> What you are asked to do
Take from the entries below the stretch from the line with "stopped reporting it." through the line with "Selling a pair", and return it exactly, leaving the pictures out.

> Supplied material
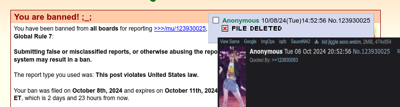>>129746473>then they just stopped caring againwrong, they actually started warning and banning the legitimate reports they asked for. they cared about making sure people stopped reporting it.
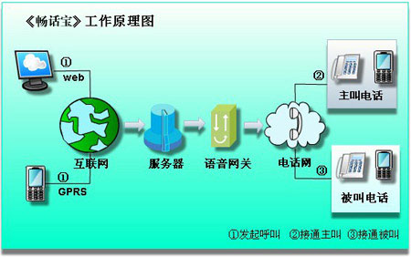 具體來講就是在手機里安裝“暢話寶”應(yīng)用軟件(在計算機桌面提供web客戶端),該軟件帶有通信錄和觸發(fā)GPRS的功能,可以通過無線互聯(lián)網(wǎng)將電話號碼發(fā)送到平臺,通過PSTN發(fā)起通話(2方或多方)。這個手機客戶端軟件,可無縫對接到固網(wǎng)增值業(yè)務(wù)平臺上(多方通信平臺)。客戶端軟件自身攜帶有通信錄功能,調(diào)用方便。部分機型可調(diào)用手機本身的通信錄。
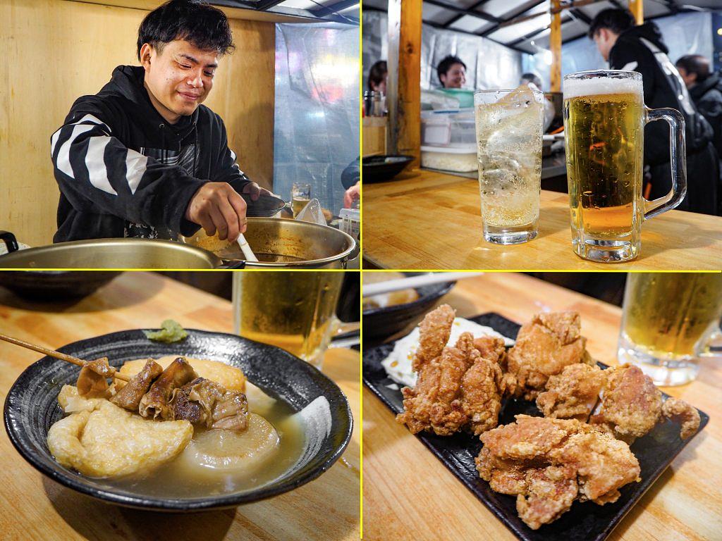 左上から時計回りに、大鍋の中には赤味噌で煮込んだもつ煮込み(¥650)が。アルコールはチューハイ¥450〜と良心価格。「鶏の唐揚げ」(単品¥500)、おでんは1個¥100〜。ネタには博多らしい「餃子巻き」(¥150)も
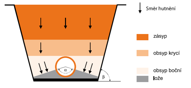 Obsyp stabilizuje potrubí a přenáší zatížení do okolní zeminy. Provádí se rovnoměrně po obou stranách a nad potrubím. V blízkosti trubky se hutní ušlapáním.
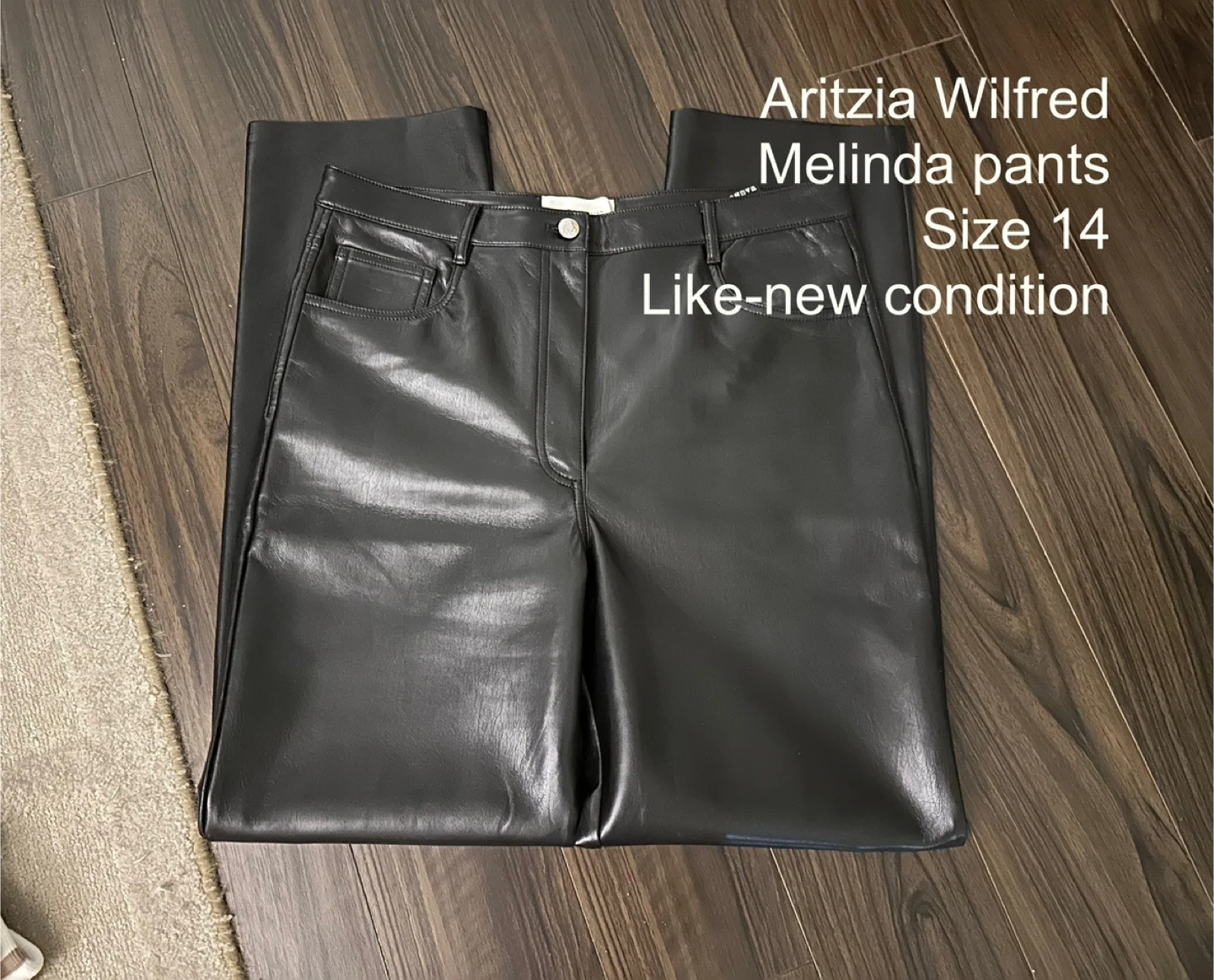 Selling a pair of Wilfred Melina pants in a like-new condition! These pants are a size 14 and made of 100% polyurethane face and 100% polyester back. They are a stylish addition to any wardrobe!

...

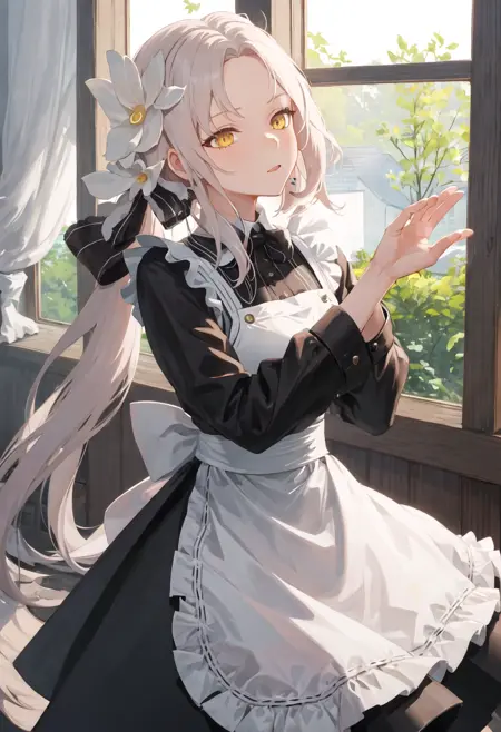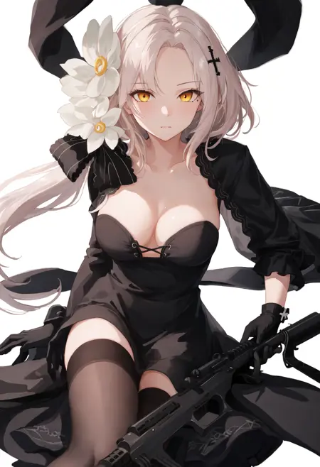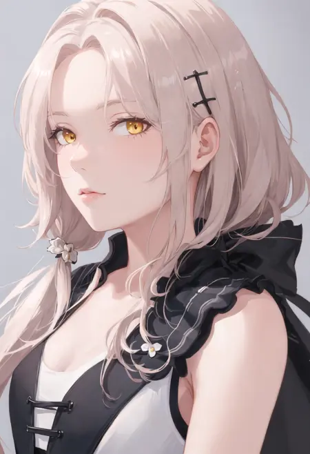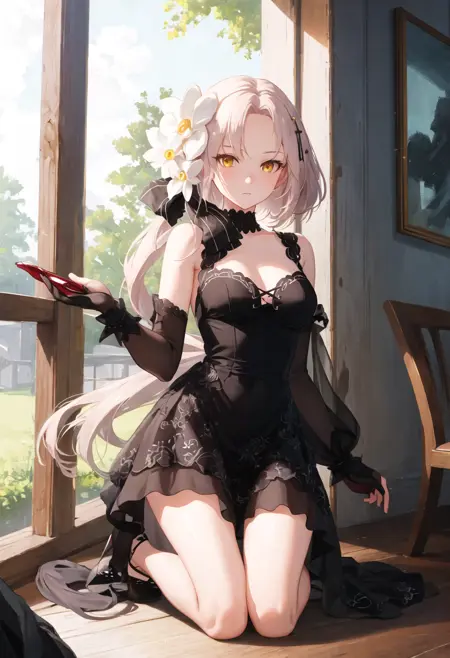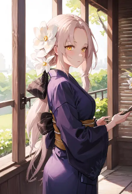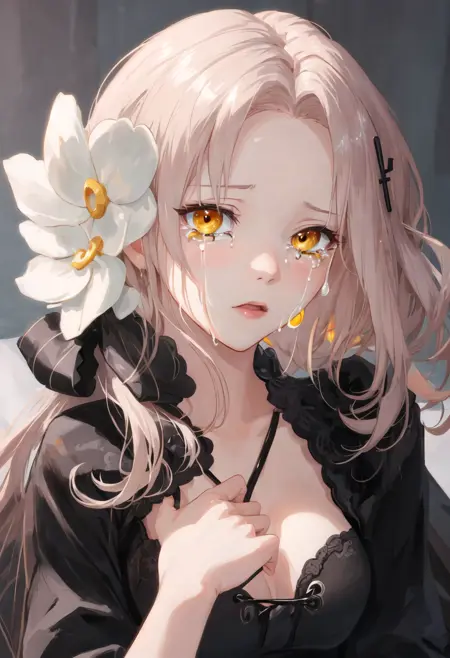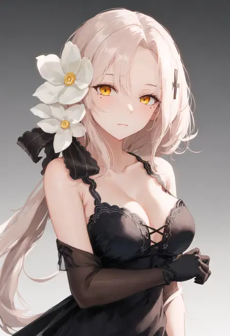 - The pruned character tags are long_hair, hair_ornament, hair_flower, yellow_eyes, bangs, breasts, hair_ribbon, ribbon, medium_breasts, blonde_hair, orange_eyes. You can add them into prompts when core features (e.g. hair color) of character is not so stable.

--

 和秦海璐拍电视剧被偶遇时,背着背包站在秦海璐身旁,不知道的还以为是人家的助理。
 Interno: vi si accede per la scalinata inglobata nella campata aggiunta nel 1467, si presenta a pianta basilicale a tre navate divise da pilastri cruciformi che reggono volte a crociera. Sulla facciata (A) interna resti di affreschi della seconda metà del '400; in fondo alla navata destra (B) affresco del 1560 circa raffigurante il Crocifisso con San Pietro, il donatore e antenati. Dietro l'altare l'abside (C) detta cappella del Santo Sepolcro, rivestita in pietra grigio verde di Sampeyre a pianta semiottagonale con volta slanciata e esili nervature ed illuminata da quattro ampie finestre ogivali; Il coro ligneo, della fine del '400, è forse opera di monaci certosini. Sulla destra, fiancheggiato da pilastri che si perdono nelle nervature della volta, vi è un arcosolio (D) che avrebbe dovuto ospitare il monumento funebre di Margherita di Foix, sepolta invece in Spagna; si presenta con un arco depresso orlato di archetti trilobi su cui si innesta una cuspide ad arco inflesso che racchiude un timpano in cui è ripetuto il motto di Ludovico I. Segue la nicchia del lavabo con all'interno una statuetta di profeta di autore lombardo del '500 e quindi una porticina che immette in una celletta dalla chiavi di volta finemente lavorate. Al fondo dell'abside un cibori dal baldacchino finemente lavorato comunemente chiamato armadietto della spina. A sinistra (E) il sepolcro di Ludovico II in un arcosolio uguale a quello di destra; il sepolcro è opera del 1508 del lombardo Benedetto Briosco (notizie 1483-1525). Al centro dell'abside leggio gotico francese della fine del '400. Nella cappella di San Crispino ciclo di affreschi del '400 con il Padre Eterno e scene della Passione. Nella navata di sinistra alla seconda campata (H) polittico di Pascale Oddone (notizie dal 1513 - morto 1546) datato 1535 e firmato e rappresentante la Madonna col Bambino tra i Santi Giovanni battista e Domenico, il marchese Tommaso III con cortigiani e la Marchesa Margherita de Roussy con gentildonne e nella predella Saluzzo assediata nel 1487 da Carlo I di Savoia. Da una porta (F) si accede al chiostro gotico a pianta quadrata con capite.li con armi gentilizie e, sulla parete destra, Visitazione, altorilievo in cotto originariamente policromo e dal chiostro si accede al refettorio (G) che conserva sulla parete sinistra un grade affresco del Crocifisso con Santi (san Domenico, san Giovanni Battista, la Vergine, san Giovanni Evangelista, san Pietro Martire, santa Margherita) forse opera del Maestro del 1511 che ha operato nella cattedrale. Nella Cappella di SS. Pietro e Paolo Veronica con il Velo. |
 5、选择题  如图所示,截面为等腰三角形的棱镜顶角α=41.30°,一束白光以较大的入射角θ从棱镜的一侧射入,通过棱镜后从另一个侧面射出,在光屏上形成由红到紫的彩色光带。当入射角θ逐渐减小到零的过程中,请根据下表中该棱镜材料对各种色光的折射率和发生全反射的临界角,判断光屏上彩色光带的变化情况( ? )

> Result of this exercise
>>129746473>then they just stopped caring againwrong, they actually started warning and banning the legitimate reports they asked for. they cared about making sure people stopped reporting it.
 具體來講就是在手機里安裝“暢話寶”應(yīng)用軟件(在計算機桌面提供web客戶端),該軟件帶有通信錄和觸發(fā)GPRS的功能,可以通過無線互聯(lián)網(wǎng)將電話號碼發(fā)送到平臺,通過PSTN發(fā)起通話(2方或多方)。這個手機客戶端軟件,可無縫對接到固網(wǎng)增值業(yè)務(wù)平臺上(多方通信平臺)。客戶端軟件自身攜帶有通信錄功能,調(diào)用方便。部分機型可調(diào)用手機本身的通信錄。
 左上から時計回りに、大鍋の中には赤味噌で煮込んだもつ煮込み(¥650)が。アルコールはチューハイ¥450〜と良心価格。「鶏の唐揚げ」(単品¥500)、おでんは1個¥100〜。ネタには博多らしい「餃子巻き」(¥150)も
 Obsyp stabilizuje potrubí a přenáší zatížení do okolní zeminy. Provádí se rovnoměrně po obou stranách a nad potrubím. V blízkosti trubky se hutní ušlapáním.
 Selling a pair of Wilfred Melina pants in a like-new condition! These pants are a size 14 and made of 100% polyurethane face and 100% polyester back. They are a stylish addition to any wardrobe!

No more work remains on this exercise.